`"A "+2" B" to 3" C"+2" D"`. The rate of disappearance of B is `1xx10^(-2)" mol lit"^(-1)"sec"^(-1)`. What will be (i) Rate of the reaction (ii) Rate of change in concentration of A and C ?

To solve the problem, we need to analyze the chemical reaction and the given rate of disappearance of B. The reaction is: \[ A + 2B \rightarrow 3C + 2D \] Given: - The rate of disappearance of B is \( \frac{d[B]}{dt} = -1 \times 10^{-2} \, \text{mol L}^{-1} \text{s}^{-1} \). ### Step 1: Determine the Rate of Reaction The rate of reaction can be expressed in terms of the change in concentration of the reactants and products.
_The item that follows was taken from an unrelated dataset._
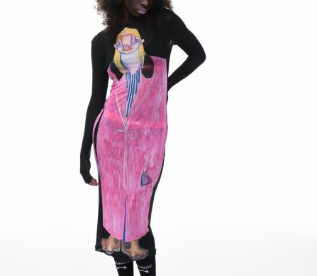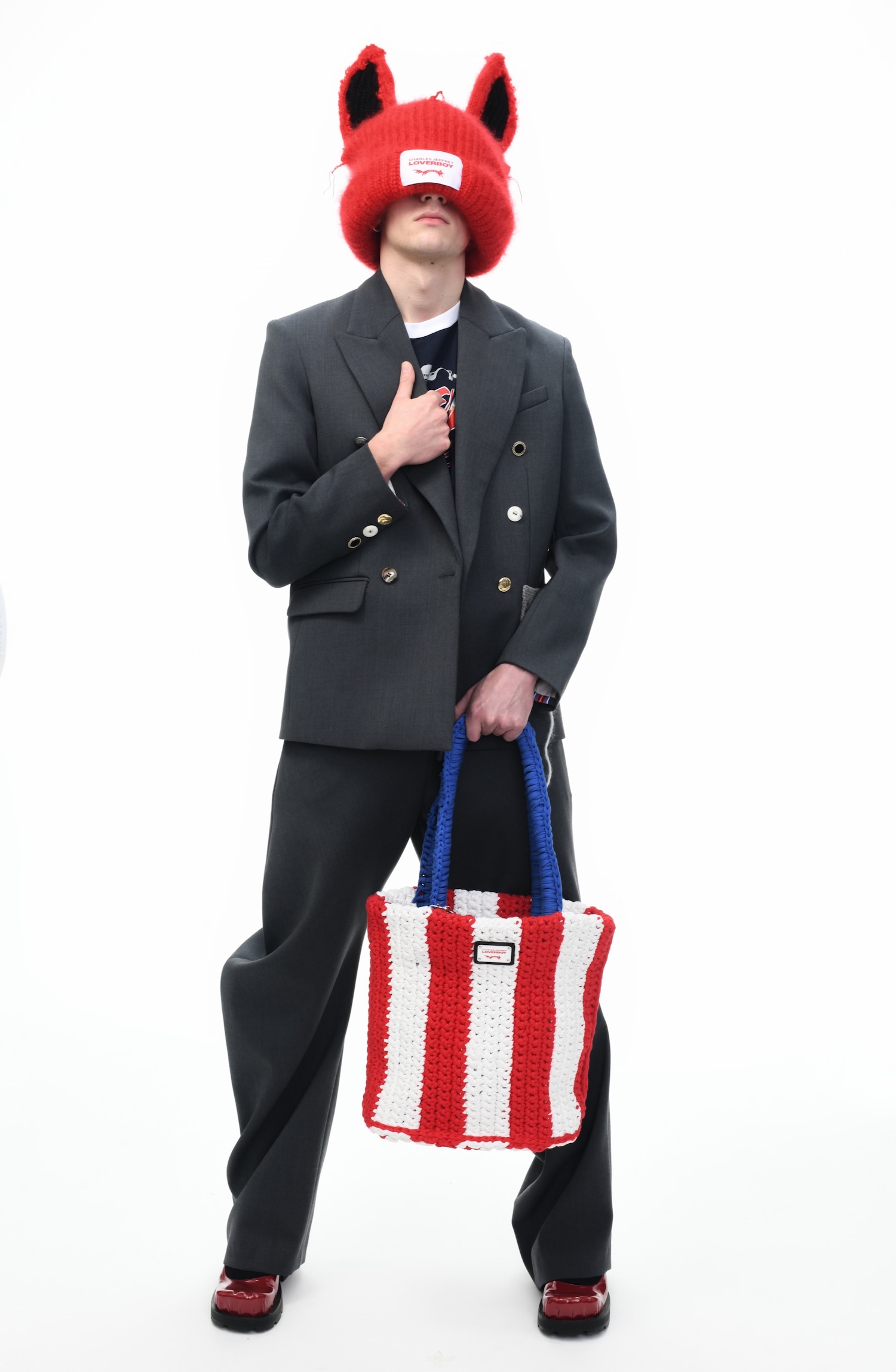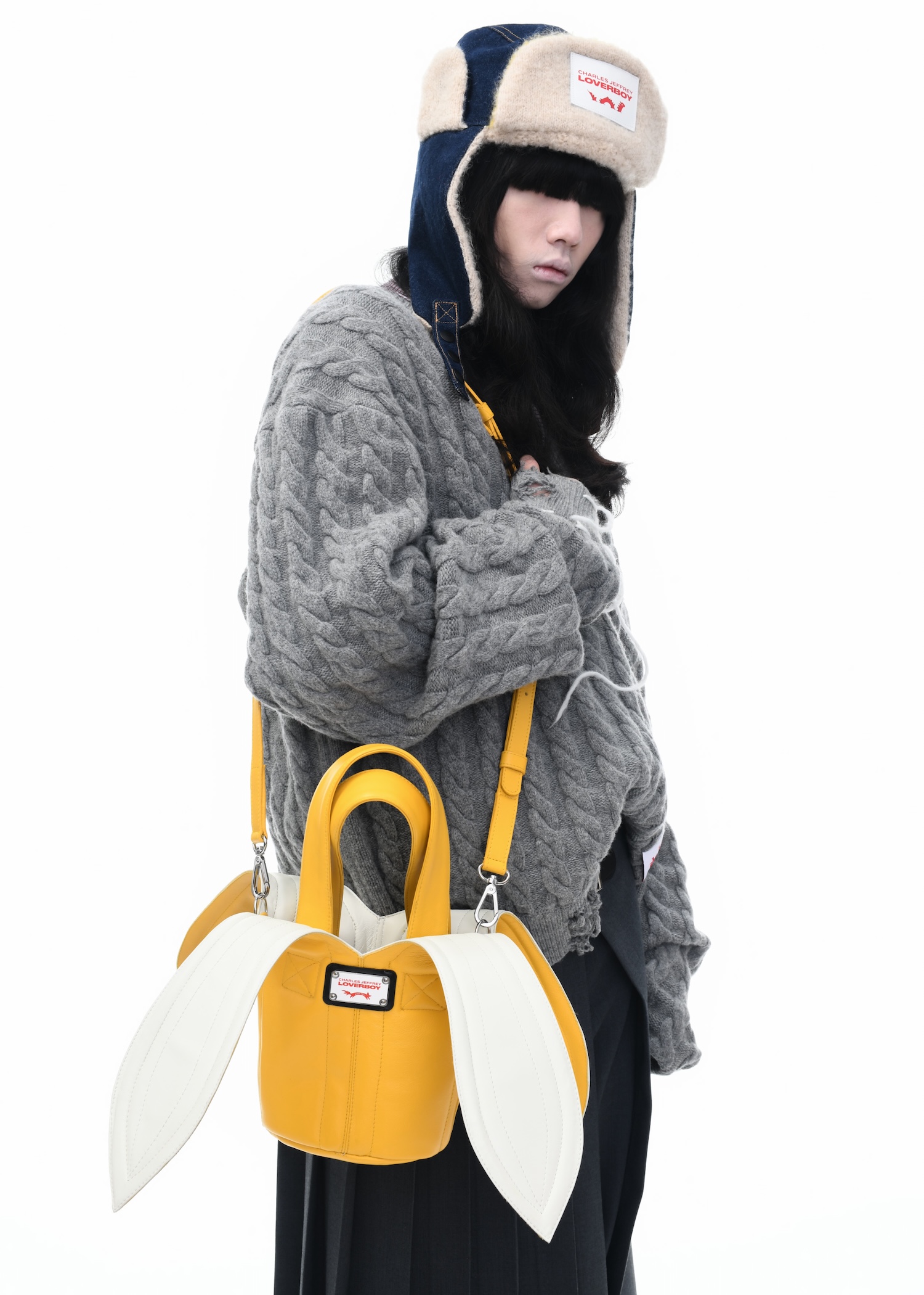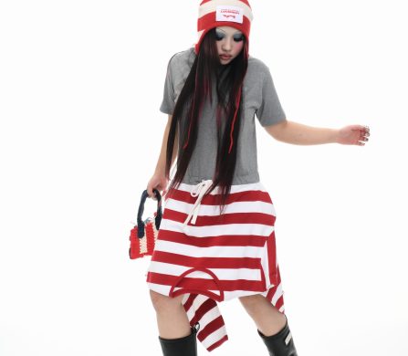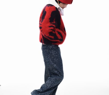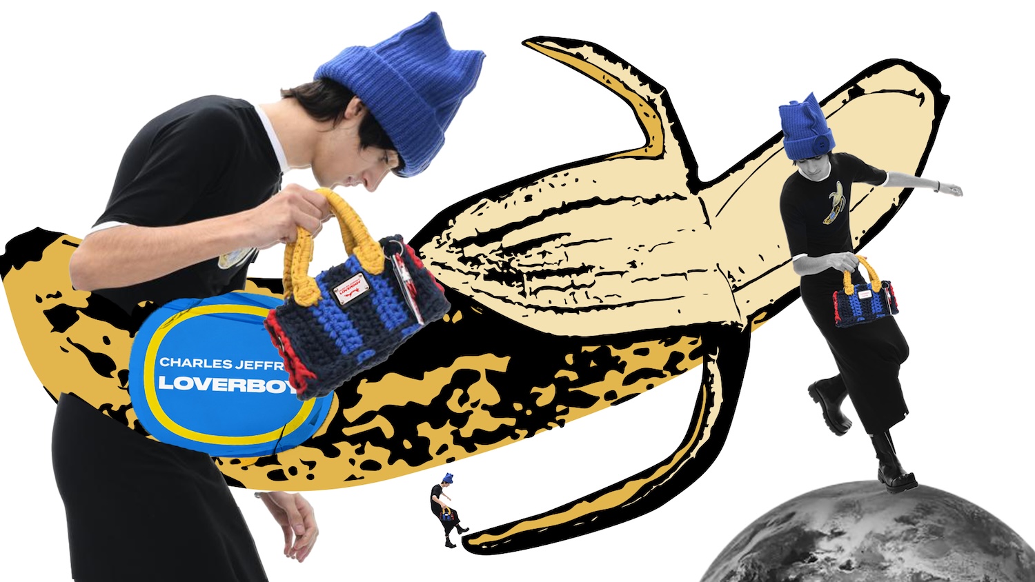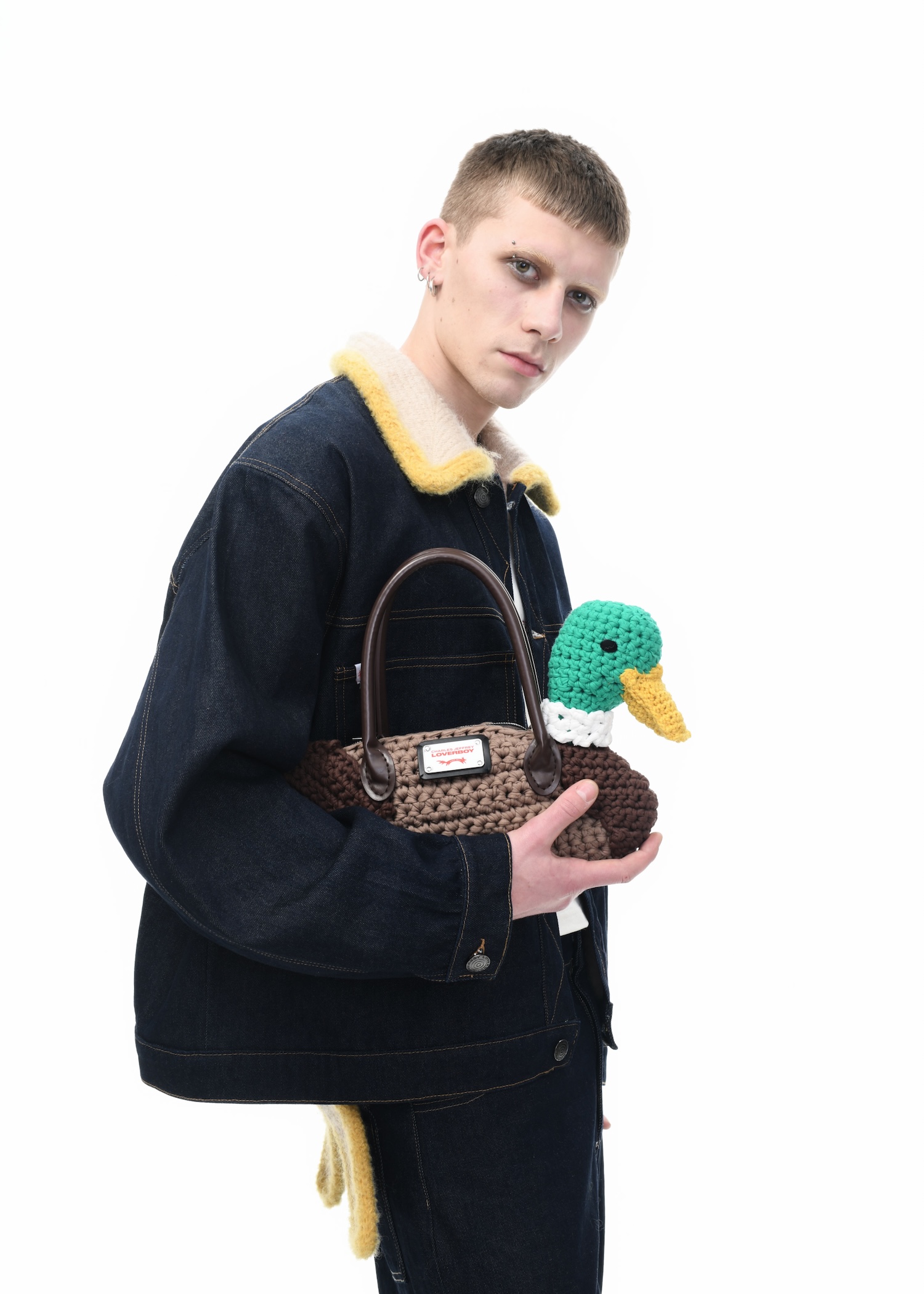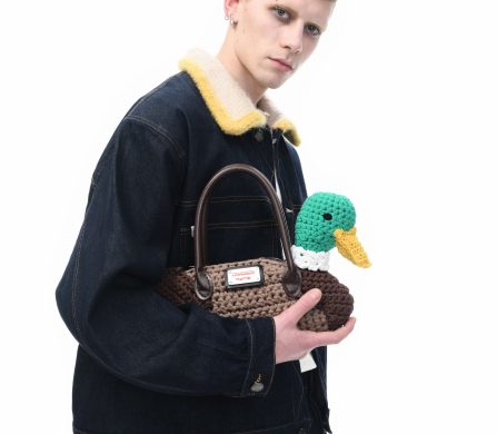 It’s an explosive collage of exaggerated tailoring, frayed crochet, Mallard-shaped handbags and sculptural ear beanies. If the collection channels a debauched aristocrat on a Victorian comedown, the visuals only push further. Non-binary models stare down the lens in distressed jersey and banana-peel silhouettes, the slogan ‘I Am a Product’ stamped across the chaos.

For the reaction: \[ -\frac{1}{1} \frac{d[A]}{dt} = -\frac{1}{2} \frac{d[B]}{dt} = \frac{1}{3} \frac{d[C]}{dt} = \frac{1}{2} \frac{d[D]}{dt} \] From the rate of disappearance of B, we can express the rate of reaction (\( r \)) as follows: \[ r = -\frac{1}{2} \frac{d[B]}{dt} \] Substituting the given rate of disappearance of B: \[ r = -\frac{1}{2} \times (-1 \times 10^{-2}) = \frac{1}{2} \times 10^{-2} = 0.5 \times 10^{-2} \, \text{mol L}^{-1} \text{s}^{-1} \] ### Step 2: Rate of Change in Concentration of A Using the stoichiometry of the reaction, we can find the rate of change in concentration of A: \[ -\frac{d[A]}{dt} = r \] Thus, the rate of change in concentration of A is: \[ \frac{d[A]}{dt} = -r = -0.5 \times 10^{-2} \, \text{mol L}^{-1} \text{s}^{-1} \] ### Step 3: Rate of Change in Concentration of C Using the stoichiometry of the reaction again, we can find the rate of change in concentration of C: \[ \frac{d[C]}{dt} = 3r \] Substituting the value of \( r \): \[ \frac{d[C]}{dt} = 3 \times (0.5 \times 10^{-2}) = 1.5 \times 10^{-2} \, \text{mol L}^{-1} \text{s}^{-1} \] ### Summary of Results 1. **Rate of the reaction**: \( 0.5 \times 10^{-2} \, \text{mol L}^{-1} \text{s}^{-1} \) 2. **Rate of change in concentration of A**: \( -0.5 \times 10^{-2} \, \text{mol L}^{-1} \text{s}^{-1} \) 3. **Rate of change in concentration of C**: \( 1.5 \times 10^{-2} \, \text{mol L}^{-1} \text{s}^{-1} \)